‘Mary’ (2019) Review

“Evil needs a body to exist. The body was that boat.”

The opening drone shot of an endless sea with what looks like a boat on fire was incredible. That shot was really powerful for me. The suggestion of devastation and loss is immense. I wish this movie could have lived up to that beautiful moment of cinematography. What could have been a really amazing film, director Michael Goi’s Mary was a cheerless journey on the high seas.

Being in a sailboat out in the middle of the ocean is a terrifying premise all by itself. Once you are out there alone, if something happens, you are stuck with nowhere to go. That is one of the scariest things I can think of. Especially in an ocean that happens to be full of sharks. But Mary is no shark tale; it’s about a sailboat possessed by an angry entity, and I wouldn’t wish being trapped aboard a haunted boat on anyone.

I loved the idea and it truly seemed like Mary could be a great story. Add in a sea witch who wants to steal your family’s souls, well that’s pretty awesome. But something happened on the trip and they literally lost the wind in their sails. Even though I liked it in many ways, Mary was, unfortunately, one of my biggest disappointments this year.

I am a huge fan of Gary Oldman and Emily Mortimer has been really good in the films I’ve seen her in, so they honestly drew me towards wanting to see the film.

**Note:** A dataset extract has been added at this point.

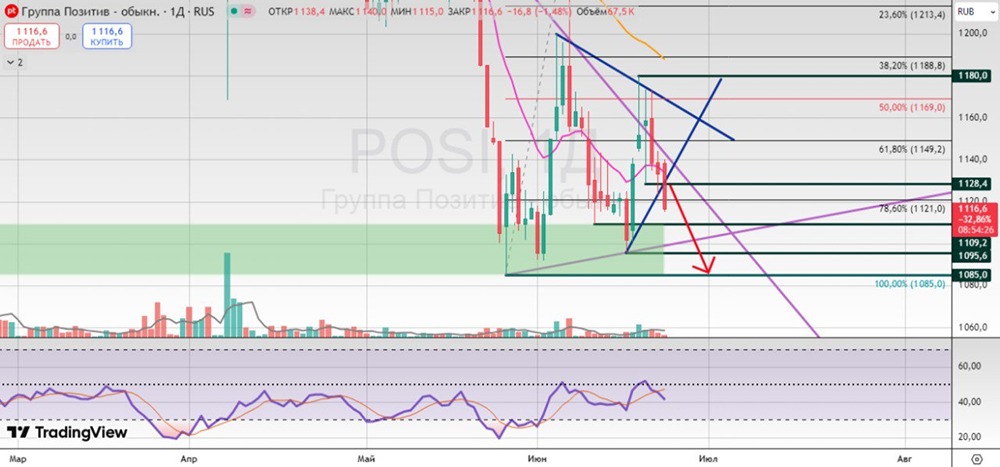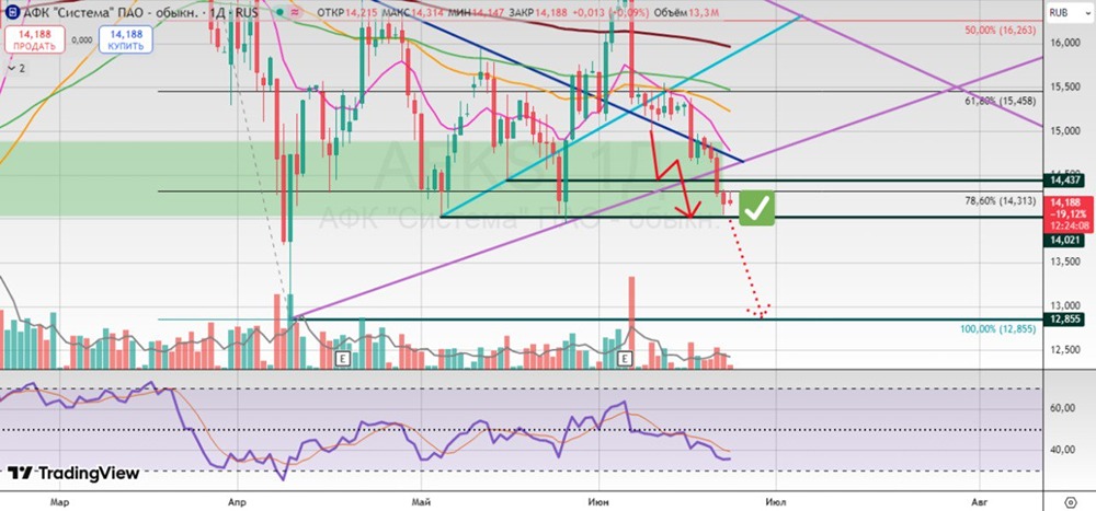 ТФ: 1Д [день] При пробое "линии шеи (3383 фигура)" откроется дорога к 1.618 по Фибо, где произойдет проторговка над 100-дневной скользящей. Данный уровень с технической точки зрения является первым основным уровнем сопротивления, результатом которого будет либо: - проторговка с поддержкой не ниже 3593 фигуры и продолжение роста с целями не выше 3934 этажа; - проторговка и коррекционное движение с целями теста 3383 плоскости с продолжением движения с таргетом в район 3723 вершины; [Не является индивидуальной инвестиционной рекомендацией]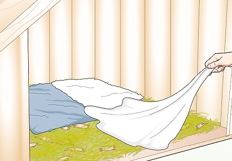 Add towels, blankets and fleece to the hutch. Guinea pigs like to nest when it gets cold. Something to snuggle up to will help your guinea pigs stay warm, especially during the colder nights. Blankets will need to be cleaned daily, as your guinea pigs will urinate on them frequently. Fleece snuggle beds can be purchase from most pet stores, or online.

They did not disappoint; most of the actors brought their best to this film, but I think the problem was that there was just not enough story for them to work with.

The very first scene gives us a poem about a sea witch, and that poem gives us the premise. Add in the fact that then they immediately proceed to tell us who lives and dies, then all that was left to show us, was the how.

Synopsis: David (Gary Oldman) is a struggling ship captain working in an unsatisfying job just to make ends meet. When he buys the seemingly perfect boat to captain himself, the family’s first journey becomes a nightmare.

David desperately wants a new ship. He is not happy working on a tour boat for someone else. At an auction, he is oddly drawn to a creepy old sailboat off to the side. One that we had just been shown was recently found abandoned at sea. It is ancient, weathered and damaged, plus is complete with a nude female masthead that gave me chills. It wasn’t a good decision, but something or someone speaks to David and seems to want to possess him, so he is compelled to buy the menacing vessel.

His wife Sarah (Emily Mortimer) is not happy with the purchase but knows that her hubby needs to be his own captain. She agrees to get a huge loan and prep the boat to take it out with the family for a short trial run.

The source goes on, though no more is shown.